“Artemis” .. a journey inside the world’s most modern spy plane


Introduction to translation

Markus Weisgerber, editor of Defense One magazine who specializes in business and commerce topics that cut across national security, takes us on… a trip To get acquainted with the “Artemis” plane, the latest spy plane in the world, which has already entered service with the US Army, and is expected to expand its manufacture to perform missions in Europe, Africa, and the Indian and Pacific regions. What is characterized by the newest spy plane in the world? And how to launch a new revolution in collecting information?

Translation text

From a distance, the pure white business jet neatly arrayed in the hangar draped over the giant American flag looks similar to other luxury private jets arriving and departing from Virginia, but on the inside it is far from a regular plane.

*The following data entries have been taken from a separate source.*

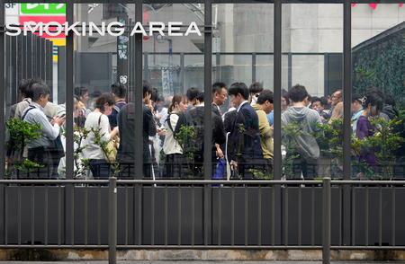 喫煙エリアでたばこを吸う人=資料(EPA時事)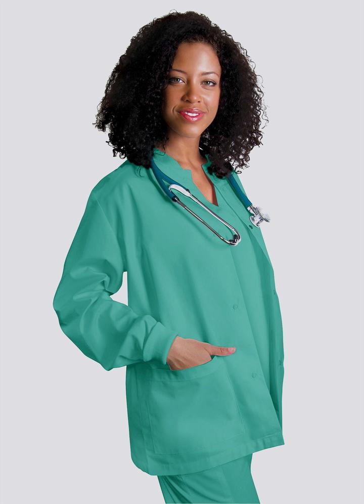 Spiff up a simple pair of scrubs or get an extra layer against the air conditioning. Our round neck warm-up jacket are roomy enough to fit comfortably over scrubs, yet look sleek and put together worn over a t-shirt. Stitched neckline, four snap-front closure and knit cuffs. Center back length 29"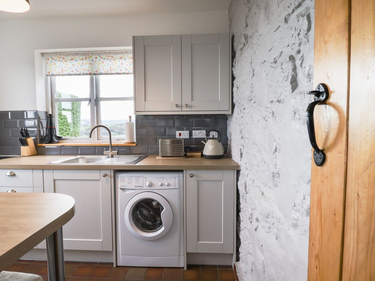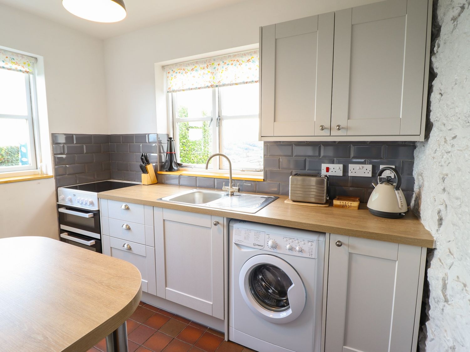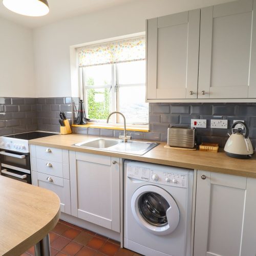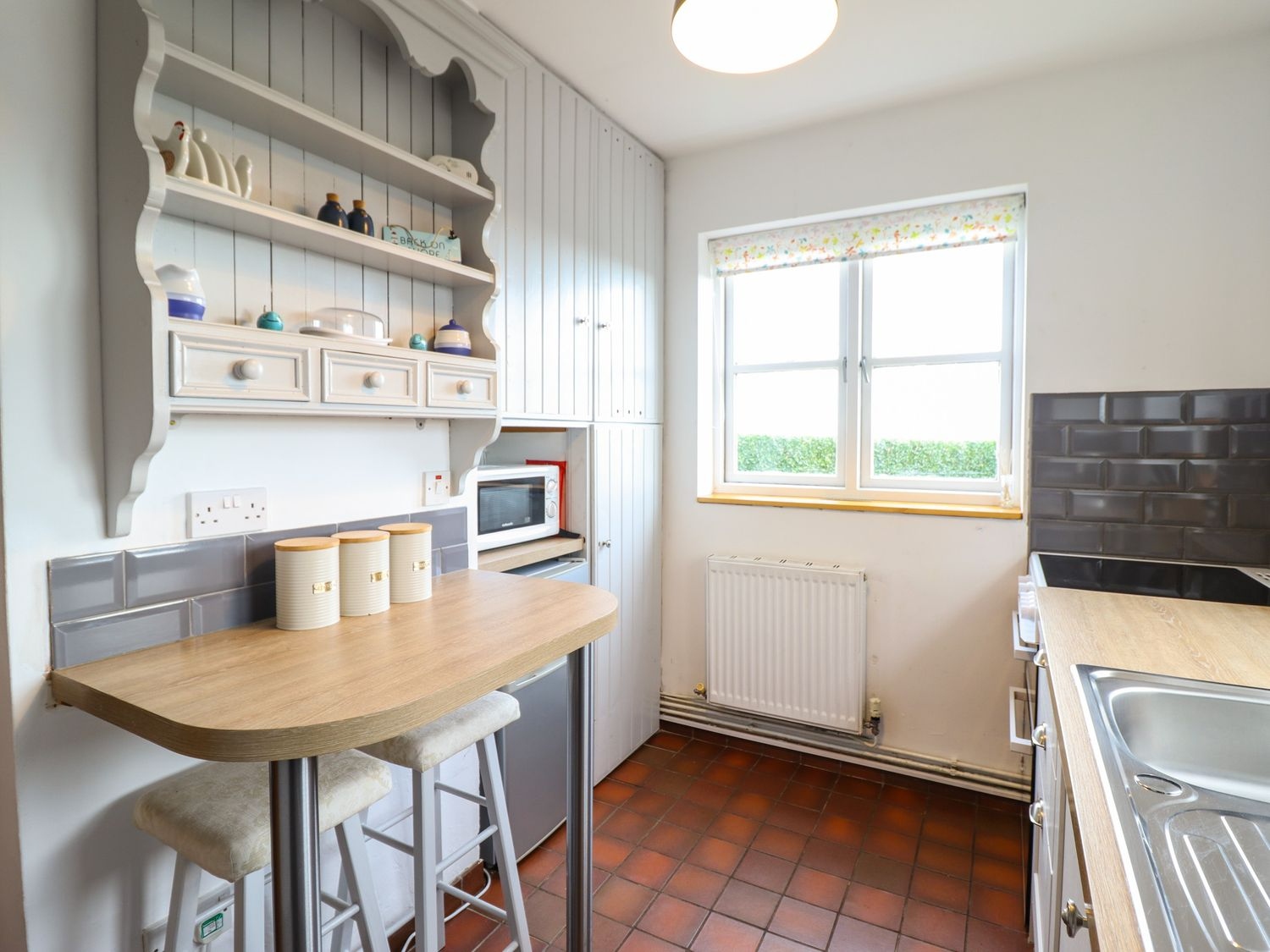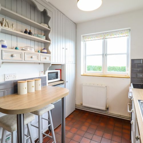 The fitted kitchen is well equipped and offers seating at a breakfast bar from which to enjoy the sea views.

The plane contains cloth chairs, and the cabin is crowded with metal boxes that contain Internet servers, which makes it closer to a technological equipment store, in addition to two computer units connected to more than ten air pickups that appear protruding from the bottom of the plane. For the US military, this plane and its siblings are a ticket to future wars, built to monitor an enemy country’s complex communications from a non-confrontational distance, rather than tracking gossip from militants on the ground.

Airplane Artemis

The aircraft, called the Artemis, uses its multiple antennas and computers to intercept and decode enemy communications. The aircraft itself is manufactured by the Canadian company Bombardier, with specialized modifications carried out by the Virginia-based defense and technology company Ledos. “These drones can see from a very long distance when operating at altitudes of up to 12 kilometres,” Mike Chanyon, vice president of Lidos Group, said in a previous interview. The Artemis is the second plane modified by Ledos after the Challenger 650, which was modified for the army as part of an experimental technology. The L3Harris technology company is developing similar business jets to be spy planes. It is called ARES.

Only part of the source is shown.